決して安くない香り。一つも狙ってない。下手な企みもない。八方美人な媚もない。上昇志向や空虚なポジティブさもない。
あるのは・・・ひたすら「純粋」
純情な幼さ。
コケティッシュで垢抜けた粋。
彼女を追いかける男性のなんと多かった事か・・・。私も彼女が大好きでした。
いつも必要最少限の言葉を選び抜き、そこから最大限のメッセージを、この香りと共に発していた。

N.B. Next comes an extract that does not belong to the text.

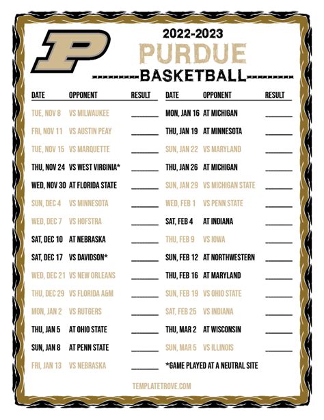 Getting your hands on the printable Purdue basketball schedule is super easy. Usually, the official Purdue Athletics website is the best place to start. They typically release the schedule in PDF format, which you can then download and print. Just head over to their basketball page and look for the schedule link. If you’re having trouble finding it, a quick Google search for “ Purdue basketball schedule printable PDF” should do the trick. Many sports news websites and Purdue fan blogs will also offer the schedule for download. Once you’ve found the PDF, simply click the download button and save it to your computer. Open the file and hit print. Make sure your printer is connected and has enough ink! For the best results, print the schedule in color on high-quality paper. This will make it easier to read and more visually appealing. Now you’re all set to post it wherever you need it and start planning your basketball season!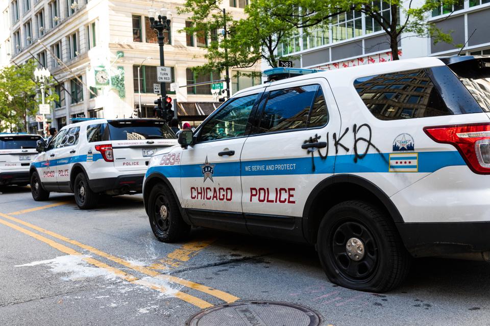 CHICAGO, ILLINOIS – MAY 30: Chicago Police Department vehicles are seen vandalized during a … [+]

香りの持つ威力、無言のメッセージを、嫌という程に思い知らされたものだった。
清楚で可憐。
壊れてしまいそう。
幻の様な存在。
守ってあげたい。
そう思って近づいて行く。
一瞬で彼女の虜になってしまう。
でも、気付いたら、彼女の芯の強さに此方が支えられ、励まされ、包容され・・・
すっかり立場が逆転してしまう。
次第に心地よい体温、温もりが伝わってくる。
安心する。
何もかも彼女になら委ねて大丈夫。
裏切らない香り。
ある日突然、前触れも無く、彼女は立ち去って行った。
残された私達の中で、彼女が置いていったこの残香だけが、キラキラと静かに輝いていた。
やっぱり幻だったのか。
でも、この香りと再会する度に彼女がいた事実を思い知る。
彼女と出会ったこの季節、毎年、この香りが何処からともなく、私の脳裏からひっそりと漂ってくる。
この香りがオゾン系だから・・・なんて単純な理由で夏仕様な香り。なんて解釈は短絡的過ぎる。